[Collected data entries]
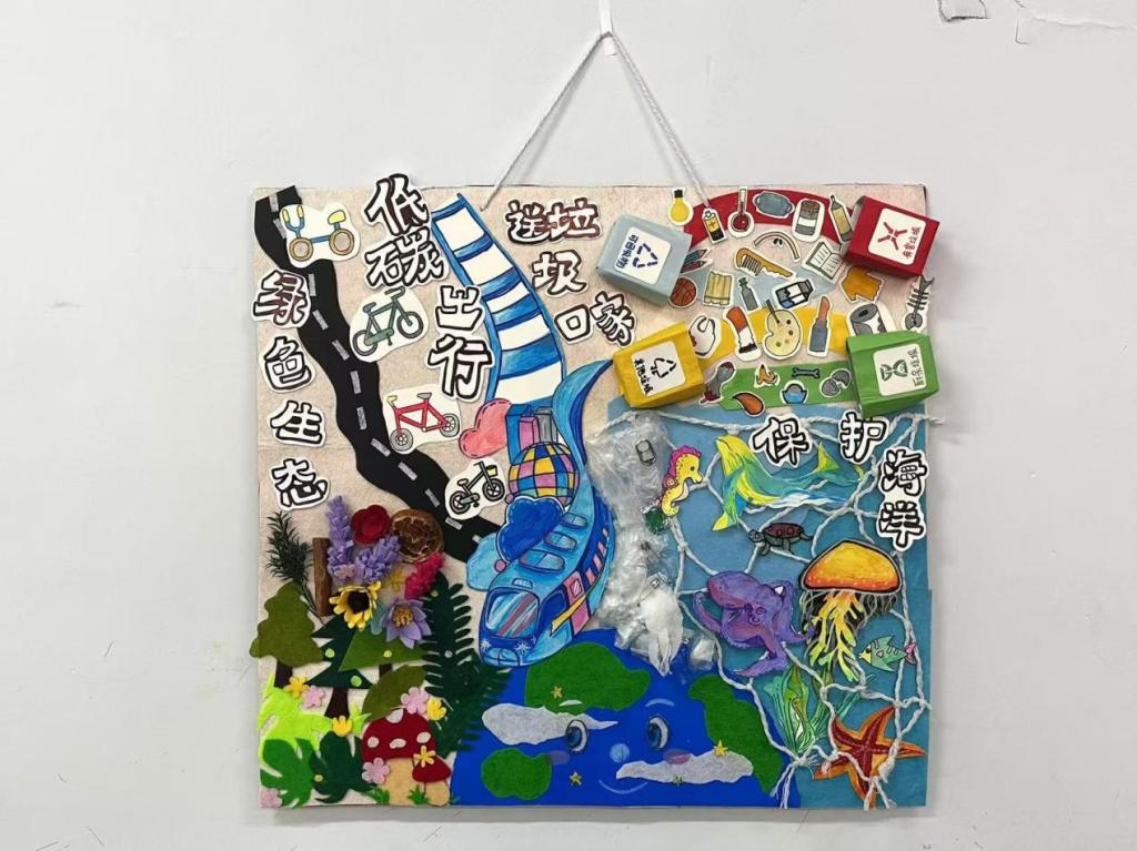 参赛同学充分发挥想象力和创造力,将循环经济创新、低碳生活、自然生态保护等绿色理念融入作品中,佳作迭出,频现“爆品”与“精品”。 大赛共收到来自23个学院的130余件作品,经过三轮评选,《绿色“U”我》《绿映今朝,环筑明天》等30项作品在平面画、立体画、手工模型三个赛道中突破重围,最终评选出一等奖6项、二等奖9项、三等奖15项。
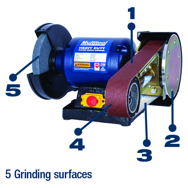 Combine the robust PO200HD MULTITOOL 200mm Bench Grinder with one of Australia's leading belt grinding attachments PO362.
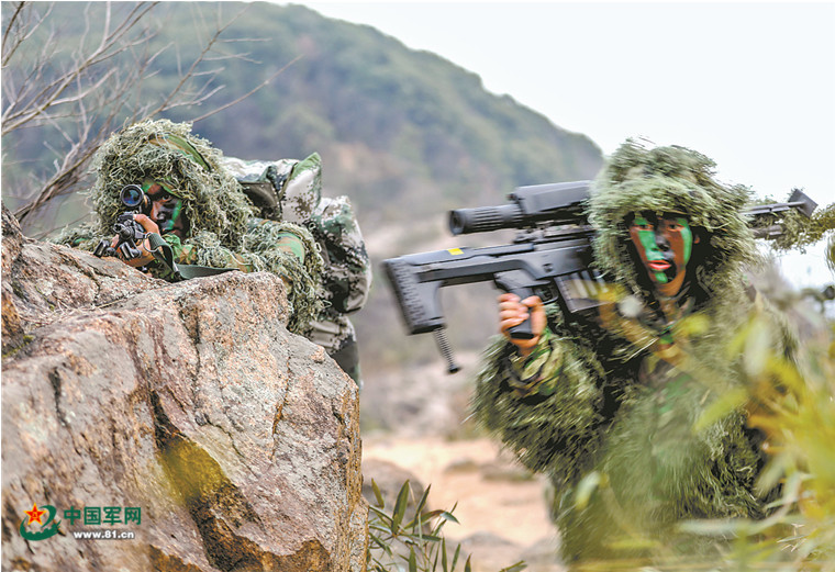密林深处,一支侦察分队进入“敌”方封锁区域。面对“敌”多组哨兵和空中无人机不定时搜索,分队长迅速指挥队员进行分散侦察,寻找区域内薄弱环节,制定行动路线,采取交替掩护、快速跃进等战术,悄然穿过封锁区域,成功潜入“敌”后。
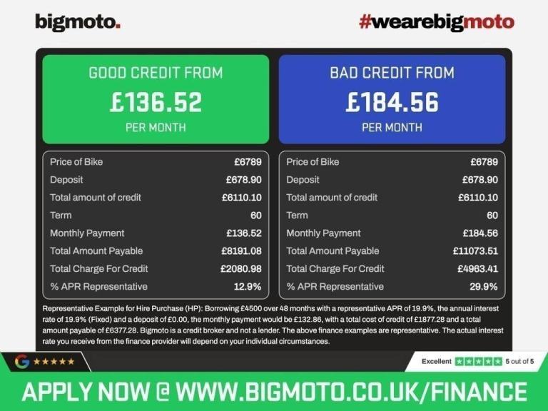 UK’s fastest growing online dealership, providing used and new motorcycles through the UK. Buy online or visit instore, offering finance options on all bikes whether you’ve got good or poor credit, Bigmoto can find a solution to help. We aim to be a price leader on all our stock so if you’ve seen it cheaper with similar mileage let us know. We offer UK nationwide delivery, full walk around videos on request of all bikes, so get in touch, we’re waiting to help you! Join the movement #wearebigmoto
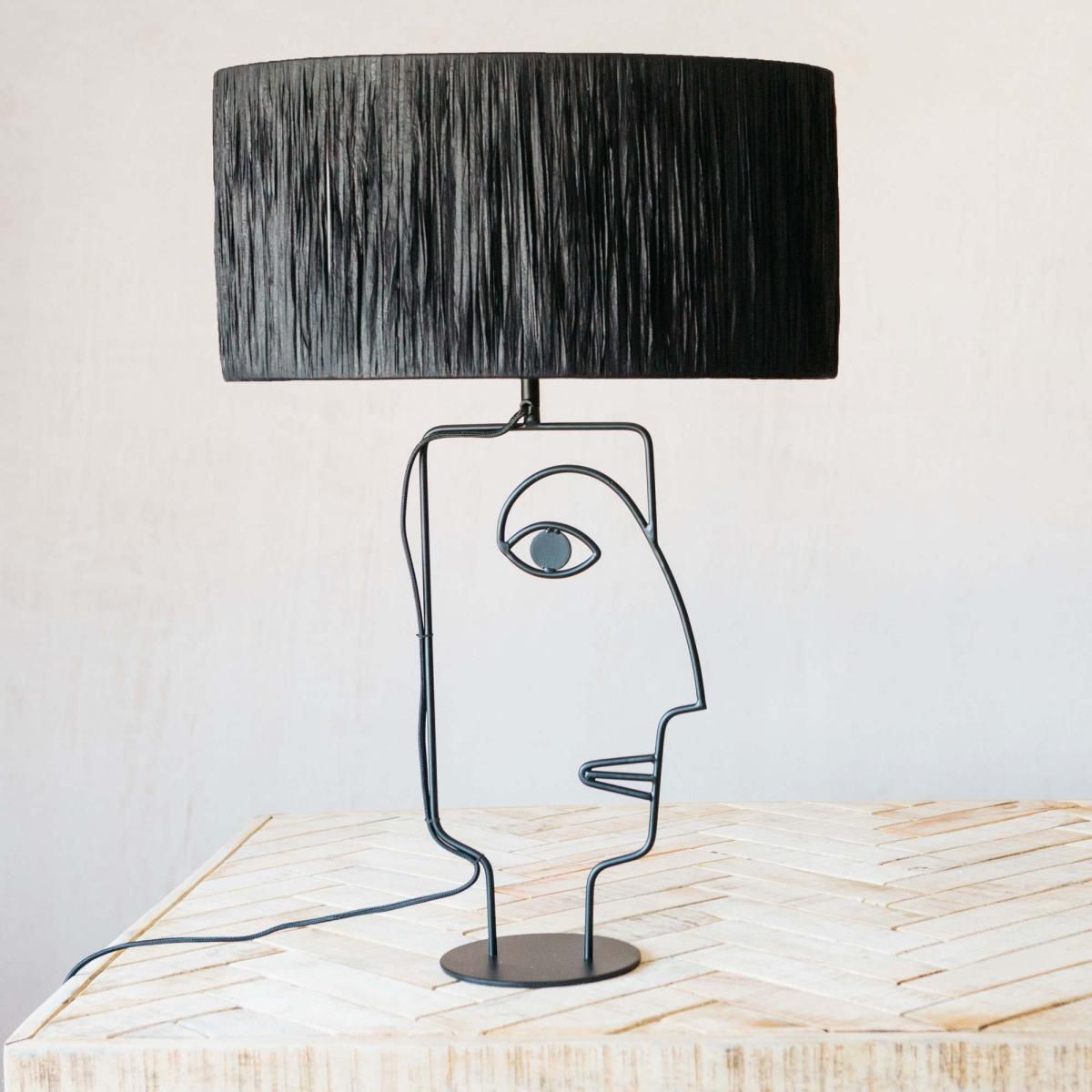 A minimalist metal table lamp with a contemporary black finish, sculpted to create an abstract face design. Perfect for adding character to your space.
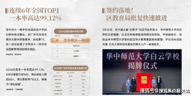 华中师大白云附属学校:公办九年一贯制学校,计划于2026年首批开学,校舍占地面积60亩,建筑面积4万平方米,配置96班优质学位。
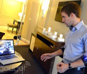 The idea of MYO traces back to the co-founders’ university days, where they explored various wearable technologies while working on a navigation aid for the blind. Lake said since brain control isn’t quite there yet, his team found muscle sensing to be the next best thing. From what we saw and tried today, Thalmic Labs seems to be on the right track: We watched co-founder Aaron Grant play Call Of Duty: Ghosts using just a pair of MYOs, and he was able to make his avatar run, crouch, jump, fire weapon and reload. Lake also gave a demo on music playback control and slideshow presentation on an iPad, both of which worked just fine. But it doesn’t stop there; the CEO also sees opportunity in industrial robotics, space application and even gesture-based authentication.

** WHAT YOU SHOULD DO **
Retype the entries above exactly, starting at their first line and ending with the line that holds "Combine the robust"; pictures stay out.

** WRITTEN SOLUTION **
 参赛同学充分发挥想象力和创造力,将循环经济创新、低碳生活、自然生态保护等绿色理念融入作品中,佳作迭出,频现“爆品”与“精品”。 大赛共收到来自23个学院的130余件作品,经过三轮评选,《绿色“U”我》《绿映今朝,环筑明天》等30项作品在平面画、立体画、手工模型三个赛道中突破重围,最终评选出一等奖6项、二等奖9项、三等奖15项。
 Combine the robust PO200HD MULTITOOL 200mm Bench Grinder with one of Australia's leading belt grinding attachments PO362.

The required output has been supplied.